Civil Society, Crime & Justice, Democracy, Economy & Trade, Environment, Headlines, Human Rights, Latin America & the Caribbean, TerraViva United Nations

Opinion

First Round of the elections in Argentina in 2023. Credit: Midia Ninja

BUENOS AIRES, Argentina, Jul 2 2024 (IPS) – Between the Mafia and the State, I prefer the Mafia. The mafia has codes, it keeps its promises, it doesn’t lie, it’s competitive. If a company pollutes a river, where is the damage? The sale of organs is a market like any other. Abortion should be considered “aggravated murder”.


These are just a couple of quotes from former TV pundit Javier Milei, now president of Argentina, as he makes anti-progressism his trademark, borrowying from the ready-made discourse of the globalalt-right. He claims that global warming is “another lie of socialism”.

In recent months, Argentina has witnessed a significant shift under his new administration that threatens to undermine the very fabric of its civil society and democratic governance.

On June 12th, there was a violent crackdown on protesters outside the National Congress, involving the use of batons, tear gas, and rubber bullets. Several individuals were arrested arbitrarily and subsequently labeled as “terrorists” by the government, a move clearly intended to intimidate civil society and criminalize protest. These detainees have been transferred to federal prisons, where reports indicate continued abuse, including the use of pepper spray, physical violence, and denial of basic rights.

Last Friday, the government sent another controversial bill to Congress looking to lower the age of criminal responsibility from 16 to 13, even though minors commit less than 1% of serious crimes in Argentina. A proposal that was labelled by opposers as “pure smoke and mirrors.”

Since taking office, President Javier Milei’s administration has received significant international criticism, including from UN High Commissioner for Human Rights Volker Türk and the Inter-American Commission on Human Rights which has scheduled a hearing on July 11th to address the situation.

“A President proud to repress”, this is what various media across Argentina wrote as Milei went as far as accusing protesters of being “terrorists” and said police violence prevented a “coup d’état”.

These alarming development mark a stark contrast to the country’s long-standing commitment to democracy and human rights, a commitment that has been painstakingly nurtured since the end of its brutal military dictatorship in 1983.

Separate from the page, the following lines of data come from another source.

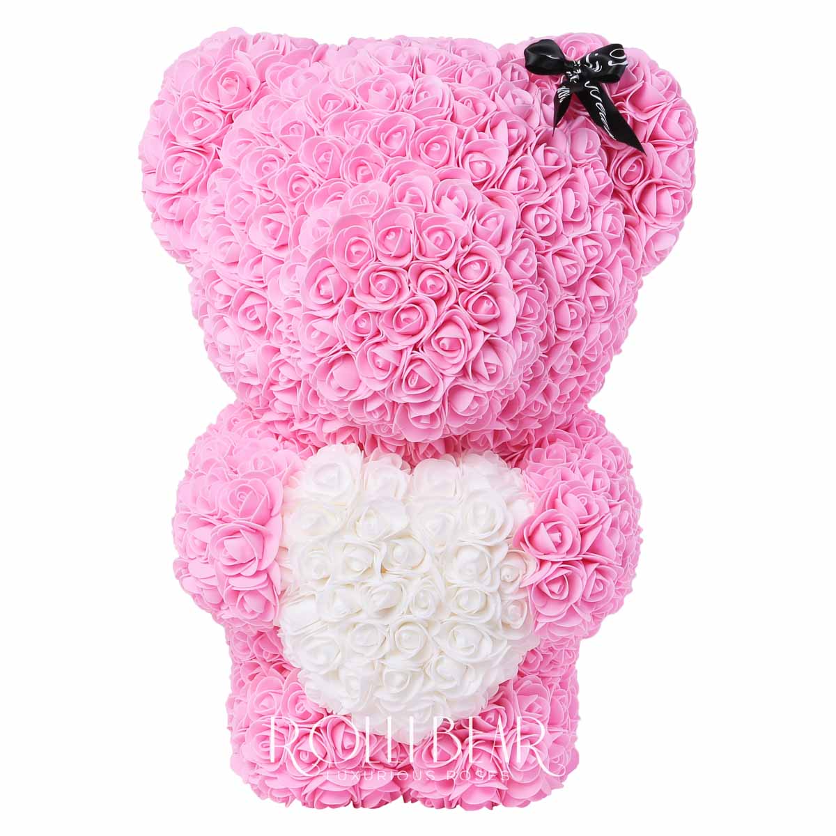Ursuleț din Trandafiri Roz cu inimioară – 55cm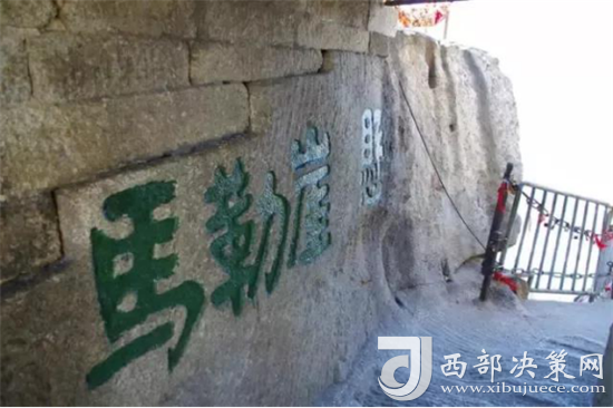 華山長空棧道上下皆是懸崖絕壁,鐵索橫懸,由條石搭成尺許路面,下由石柱固定。由于棧道險(xiǎn)峻,故當(dāng)?shù)厝擞?ldquo;小心九厘三分,要尋尸首,洛南商州”之說。這里只是探險(xiǎn)之道,并非登山必由之路,膽小人就在升表臺看看也就行了。所以在長空棧道的入口處,就有這樣一塊石刻,上邊刻著“懸崖勒馬”四個(gè)大字。懸崖勒馬的字面意思就是說在高高的山崖邊上勒住馬。比喻到了危險(xiǎn)的邊緣及時(shí)清醒回頭。面對長空棧道這樣險(xiǎn)峻的地勢,游人確實(shí)要比正常情況下更加清醒。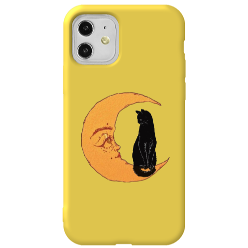 Apple iPhone 11 Ay Kedi Sarı Renkli Silikon Telefon Kılıfı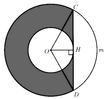 b) Cho hai đường tròn đồng tâm $\left( {\text{O};8\text{cm}} \right)$ và $\left( {\text{O};4\text{cm}} \right)$. Gọi CD là tiếp tuyến của đường tròn $\left( {\text{O};4\text{cm}} \right)$ tại H như hình vẽ. Tính diện tích phần hình vành khăn giới hạn bởi tiếp tuyến $CD$ và cung lớn $CD$ (phần tô màu đậm) với $\pi \approx 3,14$ và làm tròn kết quả đến hàng phần trăm.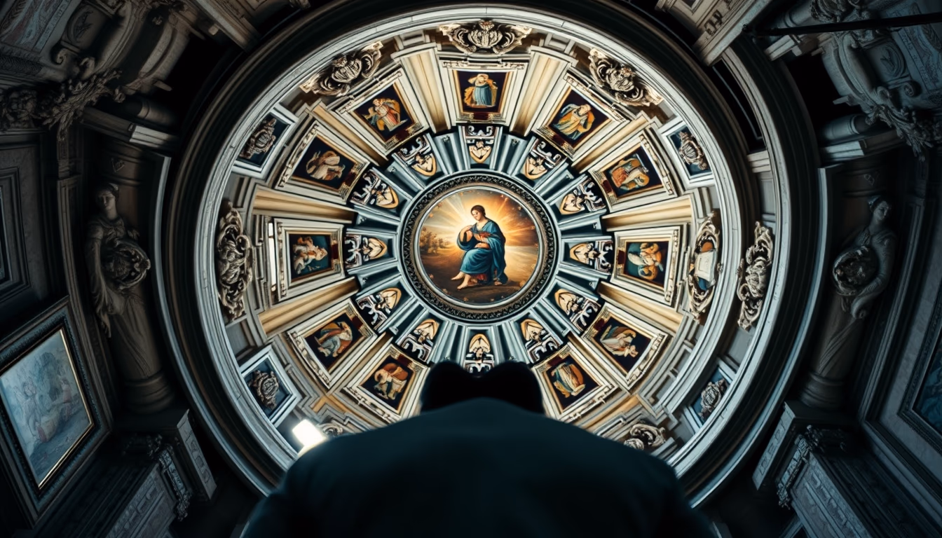 Editorial image of sistine chapel ceiling, studio editorial portrait.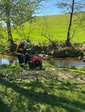 Zur Sicherstellung der Löschwasserversorgung wurde eine B-Saugleitung von der Feldaist bis zum Brandobjekt verlegt. Mithilfe unserer Pumpe sowie diese der FF Pregartsdorf konnte das Wasser zu den Tanklöschfahrzeugen der FF Pregarten befördert werden. Als die Saugleitung gelegt war, wurde noch eine Ölsperre errichtet und deren Einsatz unter realitätsnahen Bedingungen ausprobiert.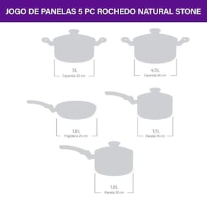 Jogo de Panelas Rochedo Natural Stone Minerium 5 Peças Linha Rochedo Natural Stone, cozinha saudável sem necessidade de óleo com antiaderente Minerium, deliciosamente natural, possui um efeito pedra que traz mais resistência e modernidade para a sua cozinha. O Jogo de Panelas Rochedo Natural Stone 5 peças é ideal para preparar suas receitas preferidas com mais sabor e menos gordura, composto por: Frigideira 24cm 1,8L Caçarola 24cm 4,5L Caçarola 20cm 3L Panela 18cm 1,8L Panela 16cm 1,7L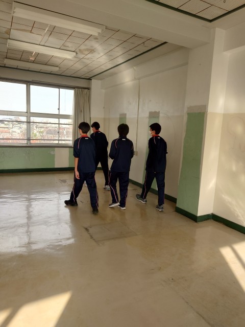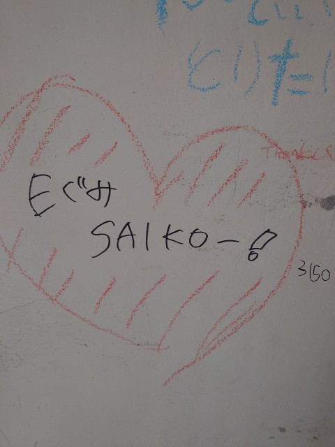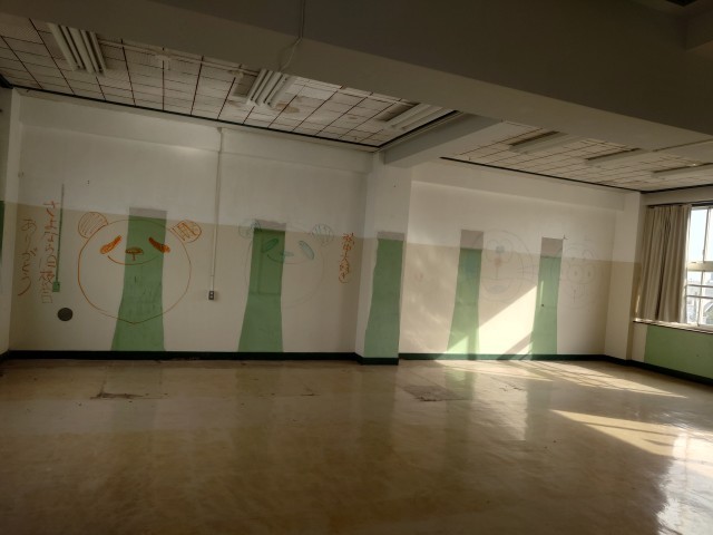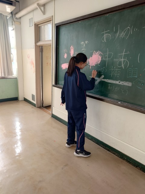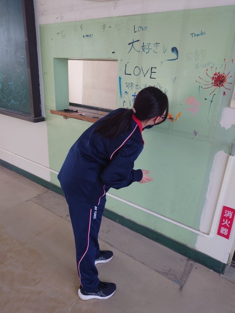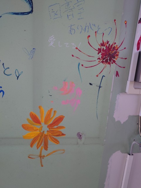 2日目もたくさんの絵や感謝の言葉を描いていました。元図書室に描かれていた大きな丸にパンダをつけくわえました。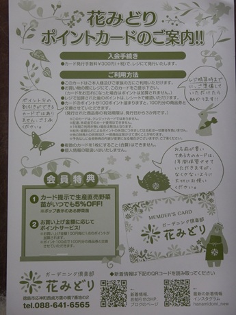 花みどり、ポイントカード廃止にする予定だったんですけど、いまだに「作れませんか?」って聞いてくださるお客様多くて、この度、復活することになりました(*´▽`*)入会費300円かかりますが、ポイントが付くのと、農場生産のお野菜苗が5%引きで購入していただけます。あと、カード提示で1日に1セット限りですが、花と野菜の土(340円+税)のセット売りができるようになります(4袋1100円+税)。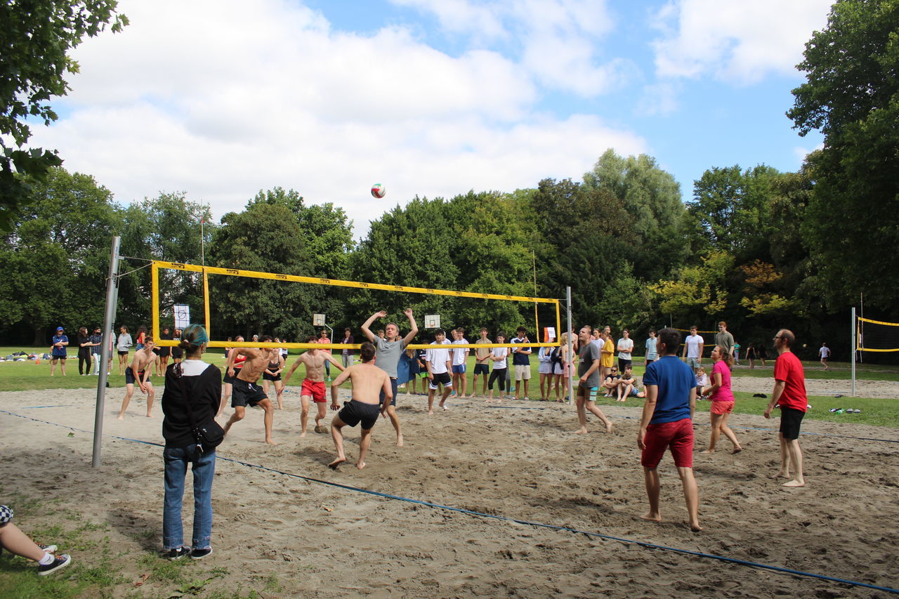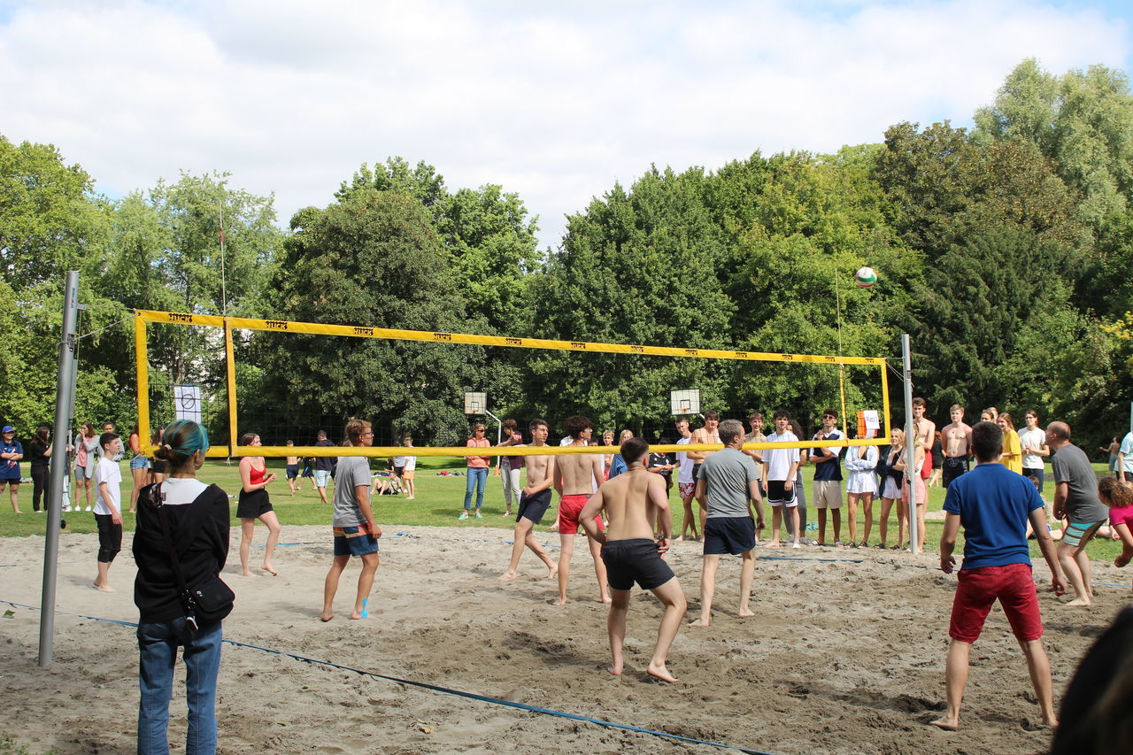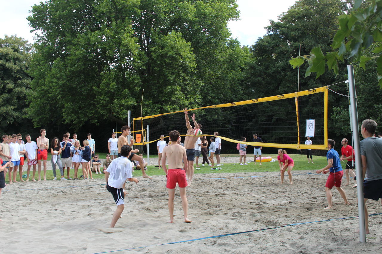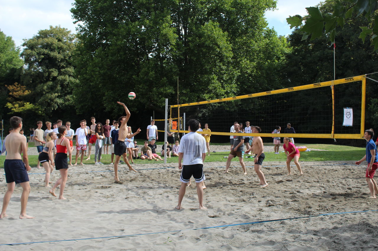 Parallel dazu fand das Beachvolleyballturnier der Klassen 8 bis 12 statt, dank der Organisation und Durchführung von Bastian Walter aus der Kursstufe 11. Alle Mannschaften bewiesen, so Herr Botsch, „beeindruckenden Körpereinsatz und Hingabe“, wobei die Krönung und ein großer Spaß das Spiel des Gewinnerteams gegen das Lehrerteam war, bei dem letztere nur ganz knapp gewannen.

Moreover, this change of administration has been accompanied by an abrupt “retreat” of the state from its historic role as guarantor of the rights of its citizens. This abdication by the State of its essential responsibilities adds even more concerns to the already alarming measures explicitly restricting civic space.

Javier Milei’s aggressive and theatrical style – from superhero costumes to wielding a chainsaw to illustrate his plans to cut down the size of the state – has led some to compare him to Donald Trump in the US or Jair Bolsonaro of Brazil. This shift, alongside the blurring of ideological lines between the Peronist and Together for Change coalitions, has implications for Argentina’s political landscape and on civic space.

Argentina’s civil society organizations, long the backbone of its democratic resilience and human rights advocacy, face unprecedented challenges.

Legislative proposals aimed at restricting their activities, coupled with limitations on freedom of expression and the right to protest, have sent shockwaves through the community. The administration’s policies include drastic public spending cuts, the closure of state institutions dedicated to women’s rights and access to justice, and a suspension of participation in international events related to the 2030 Agenda.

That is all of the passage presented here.